▸ SUPPLIED ENTRIES

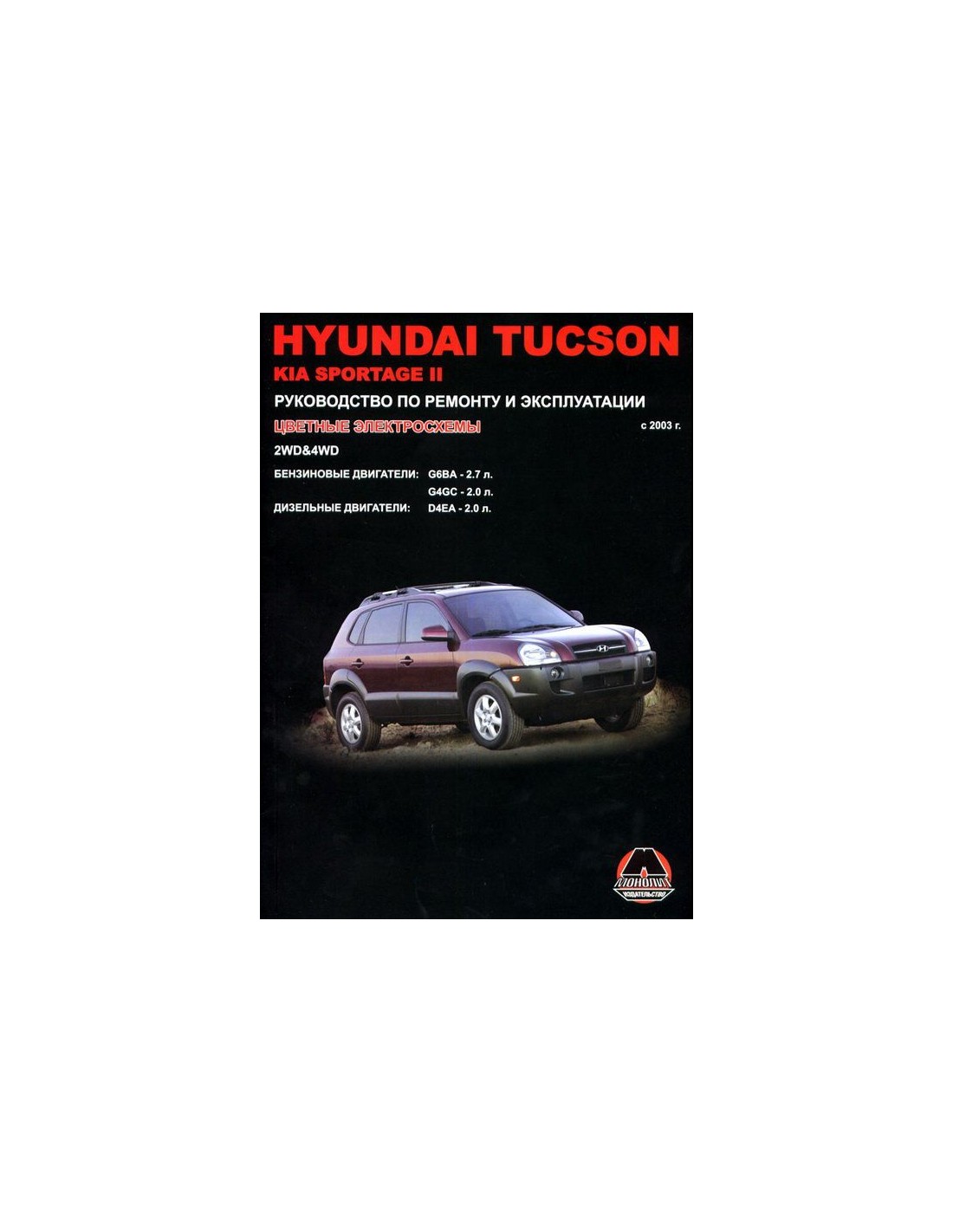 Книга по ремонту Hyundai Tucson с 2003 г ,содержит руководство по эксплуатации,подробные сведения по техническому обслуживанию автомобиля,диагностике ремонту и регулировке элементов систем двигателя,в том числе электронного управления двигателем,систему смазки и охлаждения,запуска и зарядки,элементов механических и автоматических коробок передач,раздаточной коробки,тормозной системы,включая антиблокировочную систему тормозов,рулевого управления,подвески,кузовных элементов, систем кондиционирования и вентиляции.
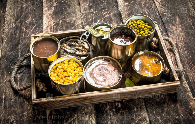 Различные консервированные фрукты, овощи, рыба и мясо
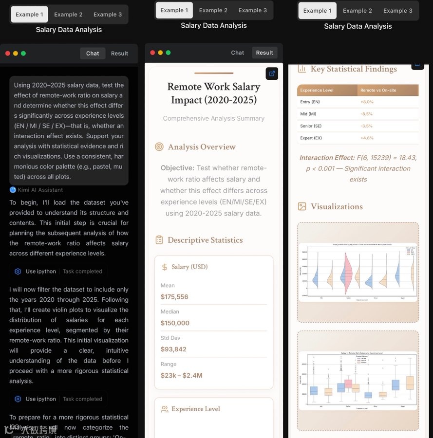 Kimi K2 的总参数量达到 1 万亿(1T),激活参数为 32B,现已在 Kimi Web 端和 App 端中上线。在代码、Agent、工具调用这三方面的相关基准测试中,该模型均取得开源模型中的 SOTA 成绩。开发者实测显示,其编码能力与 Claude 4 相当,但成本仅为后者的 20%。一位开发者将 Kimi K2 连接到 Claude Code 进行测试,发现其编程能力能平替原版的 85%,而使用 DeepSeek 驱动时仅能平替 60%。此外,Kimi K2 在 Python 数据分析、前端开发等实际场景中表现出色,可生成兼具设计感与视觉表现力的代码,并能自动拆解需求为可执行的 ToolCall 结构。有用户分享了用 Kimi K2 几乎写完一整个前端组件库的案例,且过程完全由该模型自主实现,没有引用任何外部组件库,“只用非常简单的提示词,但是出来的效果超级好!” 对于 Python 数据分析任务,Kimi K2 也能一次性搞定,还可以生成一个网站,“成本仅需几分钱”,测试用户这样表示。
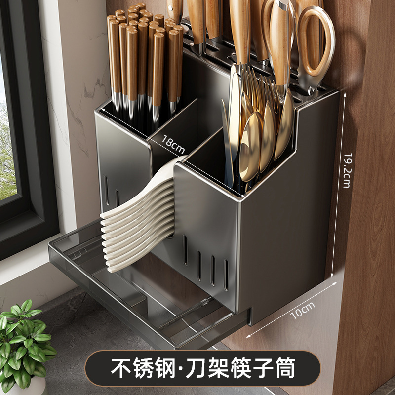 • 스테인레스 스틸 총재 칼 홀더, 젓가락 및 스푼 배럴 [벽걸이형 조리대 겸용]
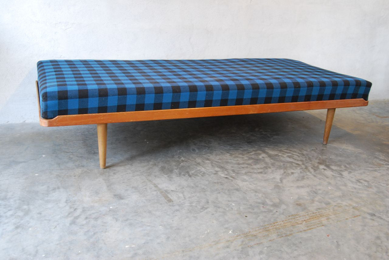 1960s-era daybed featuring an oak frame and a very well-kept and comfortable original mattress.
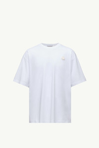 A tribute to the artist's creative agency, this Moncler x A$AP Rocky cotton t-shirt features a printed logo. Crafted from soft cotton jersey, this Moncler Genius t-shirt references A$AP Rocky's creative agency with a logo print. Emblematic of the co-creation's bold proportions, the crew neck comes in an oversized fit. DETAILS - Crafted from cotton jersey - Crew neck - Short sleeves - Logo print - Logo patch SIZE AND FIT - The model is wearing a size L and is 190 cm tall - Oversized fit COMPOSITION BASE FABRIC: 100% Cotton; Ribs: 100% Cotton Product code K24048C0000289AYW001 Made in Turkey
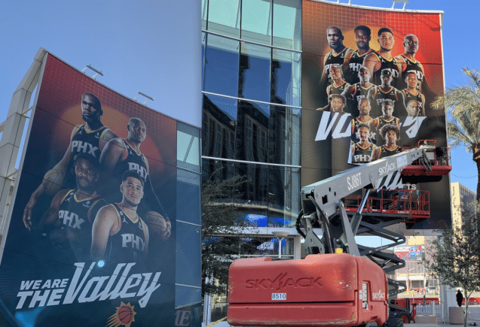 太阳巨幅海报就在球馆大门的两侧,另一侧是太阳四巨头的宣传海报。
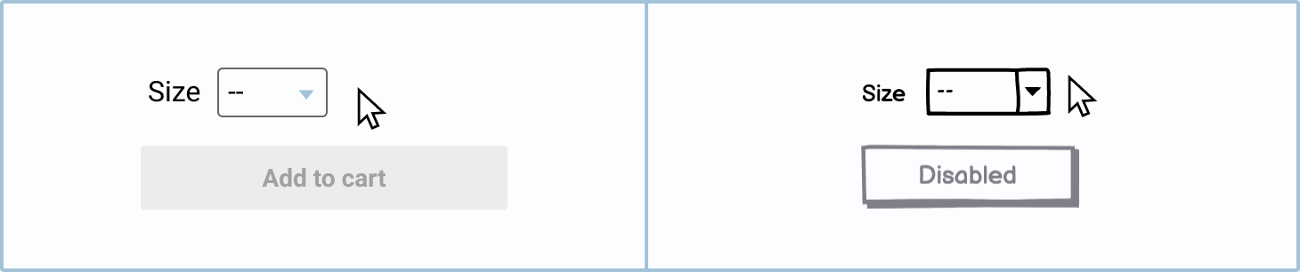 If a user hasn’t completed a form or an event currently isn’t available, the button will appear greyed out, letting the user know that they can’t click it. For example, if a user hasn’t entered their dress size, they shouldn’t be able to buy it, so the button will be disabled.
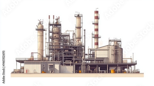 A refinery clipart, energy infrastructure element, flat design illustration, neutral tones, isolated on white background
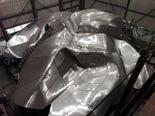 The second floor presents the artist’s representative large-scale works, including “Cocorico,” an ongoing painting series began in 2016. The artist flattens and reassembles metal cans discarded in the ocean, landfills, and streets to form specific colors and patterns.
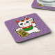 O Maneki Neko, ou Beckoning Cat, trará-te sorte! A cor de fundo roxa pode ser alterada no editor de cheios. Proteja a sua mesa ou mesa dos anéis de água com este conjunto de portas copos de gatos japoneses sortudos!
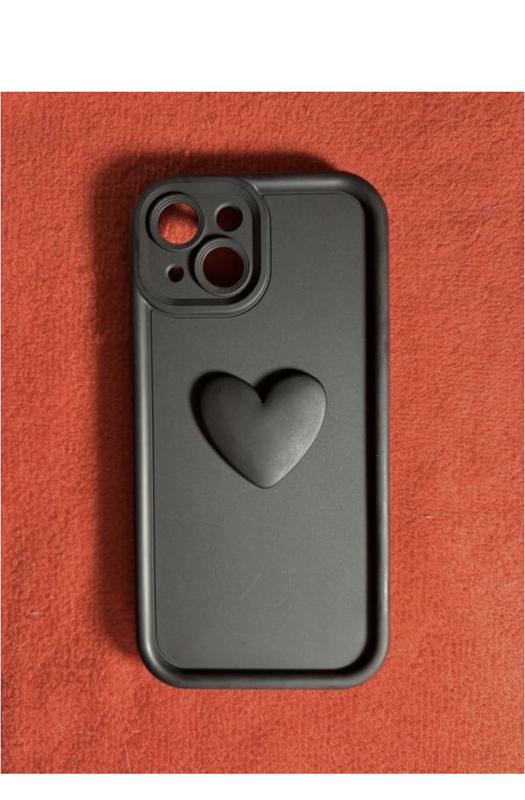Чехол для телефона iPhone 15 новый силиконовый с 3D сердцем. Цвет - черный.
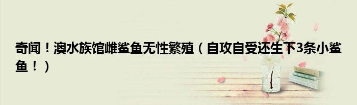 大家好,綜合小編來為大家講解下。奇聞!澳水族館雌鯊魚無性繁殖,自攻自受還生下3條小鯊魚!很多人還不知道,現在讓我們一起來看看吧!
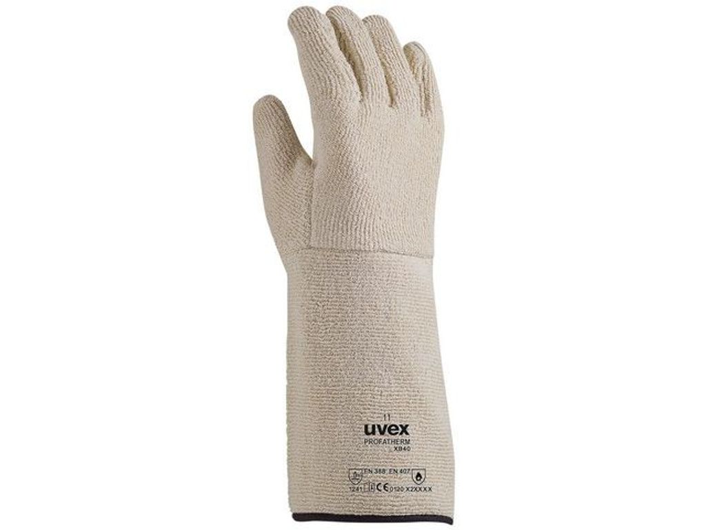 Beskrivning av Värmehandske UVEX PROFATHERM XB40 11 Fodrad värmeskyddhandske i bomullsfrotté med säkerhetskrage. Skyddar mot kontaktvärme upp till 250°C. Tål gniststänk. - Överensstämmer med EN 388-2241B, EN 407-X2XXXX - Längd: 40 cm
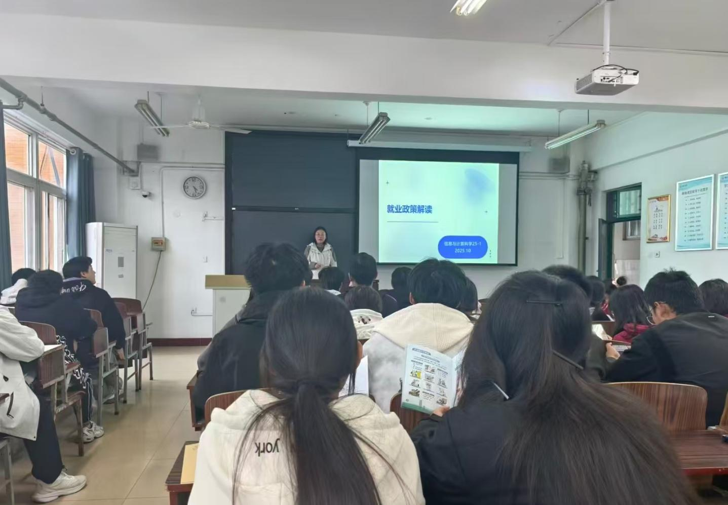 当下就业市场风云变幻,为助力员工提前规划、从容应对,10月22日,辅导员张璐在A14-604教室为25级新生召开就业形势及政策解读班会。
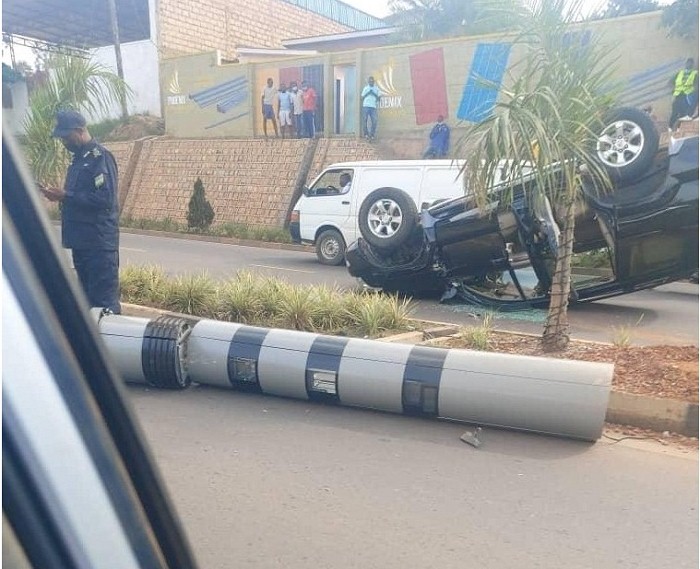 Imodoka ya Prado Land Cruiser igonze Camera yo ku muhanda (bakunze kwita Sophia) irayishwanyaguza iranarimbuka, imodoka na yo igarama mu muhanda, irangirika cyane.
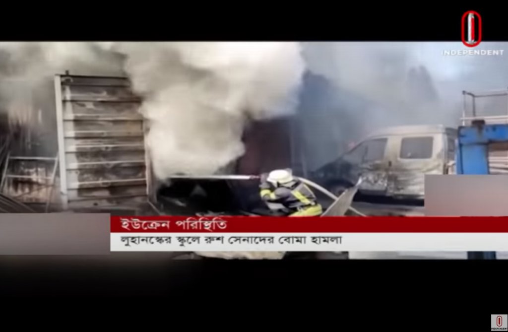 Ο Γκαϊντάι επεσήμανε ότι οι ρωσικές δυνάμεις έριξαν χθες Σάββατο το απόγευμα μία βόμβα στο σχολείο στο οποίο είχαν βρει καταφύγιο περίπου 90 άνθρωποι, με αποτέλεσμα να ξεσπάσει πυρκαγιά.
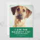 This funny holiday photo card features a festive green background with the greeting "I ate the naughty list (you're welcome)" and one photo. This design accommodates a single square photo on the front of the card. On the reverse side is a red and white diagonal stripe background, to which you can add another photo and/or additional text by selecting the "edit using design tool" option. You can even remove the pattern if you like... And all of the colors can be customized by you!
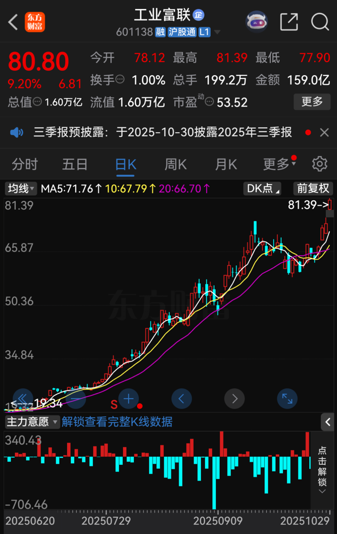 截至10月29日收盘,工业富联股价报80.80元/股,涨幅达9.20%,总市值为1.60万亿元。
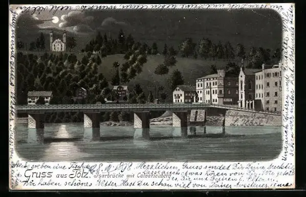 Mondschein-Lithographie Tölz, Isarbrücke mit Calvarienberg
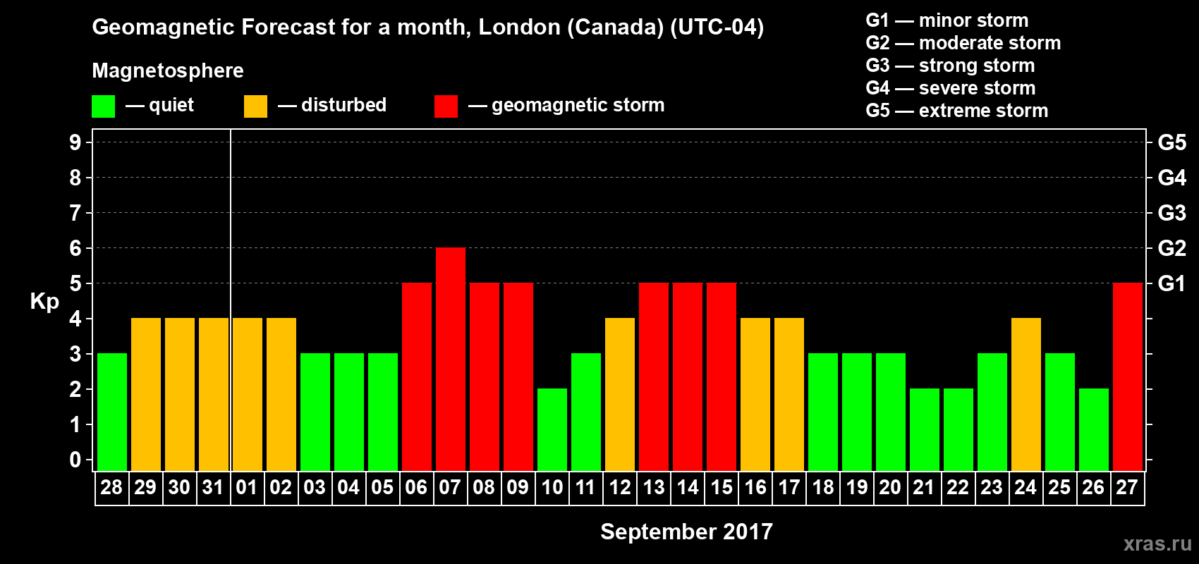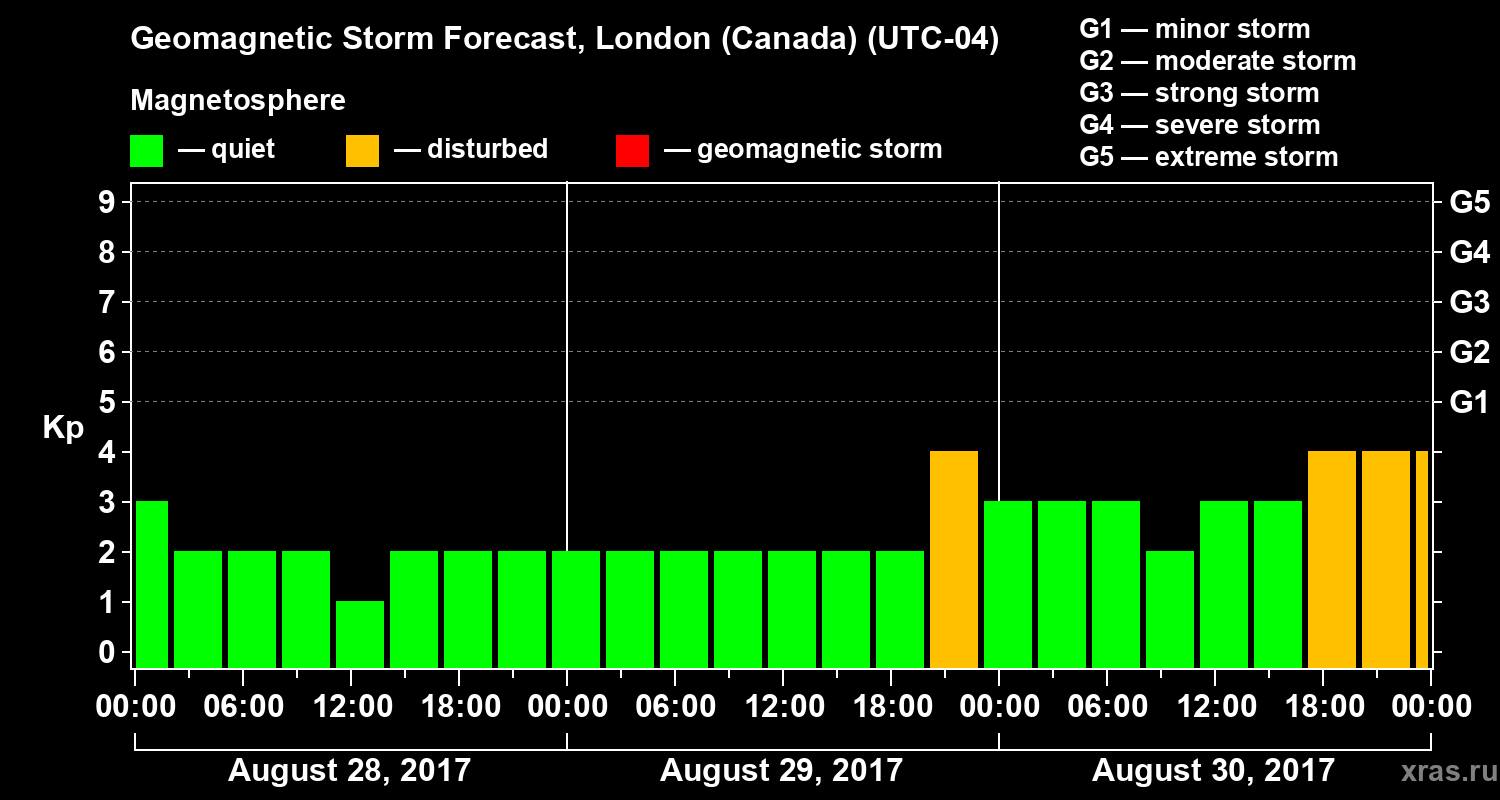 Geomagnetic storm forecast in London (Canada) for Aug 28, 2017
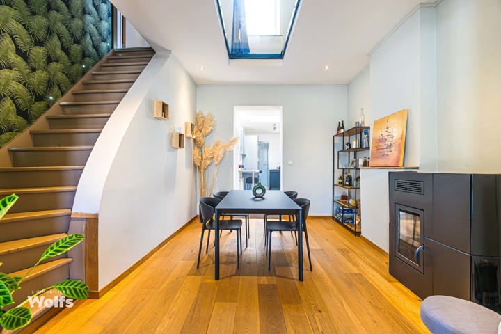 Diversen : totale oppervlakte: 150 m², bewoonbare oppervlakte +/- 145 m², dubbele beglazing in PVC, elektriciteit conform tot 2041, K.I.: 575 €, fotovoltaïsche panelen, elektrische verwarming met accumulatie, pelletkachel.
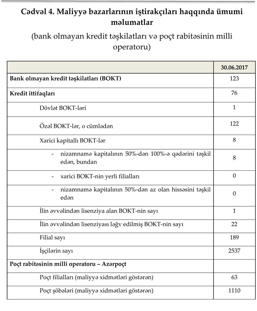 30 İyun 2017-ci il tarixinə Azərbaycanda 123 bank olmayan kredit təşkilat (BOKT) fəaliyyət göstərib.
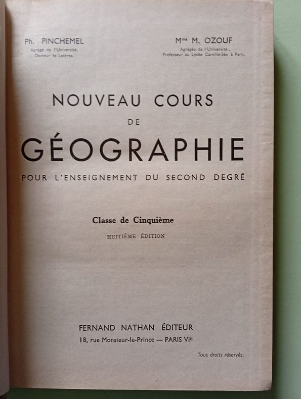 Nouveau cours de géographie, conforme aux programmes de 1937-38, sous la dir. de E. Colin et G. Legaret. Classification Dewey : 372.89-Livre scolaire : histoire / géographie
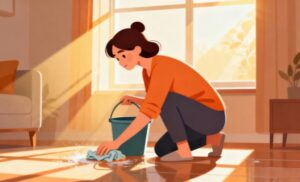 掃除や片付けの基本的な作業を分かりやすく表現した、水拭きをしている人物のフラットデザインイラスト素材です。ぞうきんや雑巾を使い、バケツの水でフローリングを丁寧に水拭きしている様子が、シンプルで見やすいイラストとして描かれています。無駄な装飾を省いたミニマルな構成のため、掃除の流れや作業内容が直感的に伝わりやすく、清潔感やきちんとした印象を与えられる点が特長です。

▸ ASSIGNED TASK
I'd like the lines above repeated exactly, from the one that contains "O Maneki Neko, ou" through the one that contains "当下就业市场风云变幻,为助力", with no pictures.

▸ RESULT OF THIS TASK
 O Maneki Neko, ou Beckoning Cat, trará-te sorte! A cor de fundo roxa pode ser alterada no editor de cheios. Proteja a sua mesa ou mesa dos anéis de água com este conjunto de portas copos de gatos japoneses sortudos!
Чехол для телефона iPhone 15 новый силиконовый с 3D сердцем. Цвет - черный.
 大家好,綜合小編來為大家講解下。奇聞!澳水族館雌鯊魚無性繁殖,自攻自受還生下3條小鯊魚!很多人還不知道,現在讓我們一起來看看吧!
 Beskrivning av Värmehandske UVEX PROFATHERM XB40 11 Fodrad värmeskyddhandske i bomullsfrotté med säkerhetskrage. Skyddar mot kontaktvärme upp till 250°C. Tål gniststänk. - Överensstämmer med EN 388-2241B, EN 407-X2XXXX - Längd: 40 cm
 当下就业市场风云变幻,为助力员工提前规划、从容应对,10月22日,辅导员张璐在A14-604教室为25级新生召开就业形势及政策解读班会。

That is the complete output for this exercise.